Of the 118 patients with MCL treated with BRUKINSA, 8 (7%) patients discontinued treatment due to adverse reactions in the trials. The most frequent adverse reaction leading to treatment discontinuation was pneumonia (3.4%). One (0.8%) patient experienced an adverse reaction leading to dose reduction (hepatitis B).

Drug Interactions

CYP3A Inhibitors: When BRUKINSA is co-administered with a strong CYP3A inhibitor, reduce BRUKINSA dose to 80 mg once daily. For co-administration with a moderate CYP3A inhibitor, reduce BRUKINSA dose to 80 mg twice daily.

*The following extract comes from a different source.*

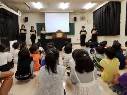 6月27日(水)は、絵本のくにのみなさんによる戦争のお話会がありました。子どもたちは、お話の中身に引き込まれ、戦争があったころの暮らしや子どもたちの様子について、たくさんのことを感じ取った様子でした。ありがとうございました。

CYP3A Inducers: Avoid co-administration with moderate or strong CYP3A inducers.

Specific Populations

Hepatic Impairment: The recommended dose of BRUKINSA for patients with severe hepatic impairment is 80 mg orally twice daily.

INDICATION

BRUKINSA is a kinase inhibitor indicated for the treatment of adult patients with mantle cell lymphoma (MCL) who have received at least one prior therapy.

This indication is approved under accelerated approval based on overall response rate. Continued approval for this indication may be contingent upon verification and description of clinical benefit in a confirmatory trial.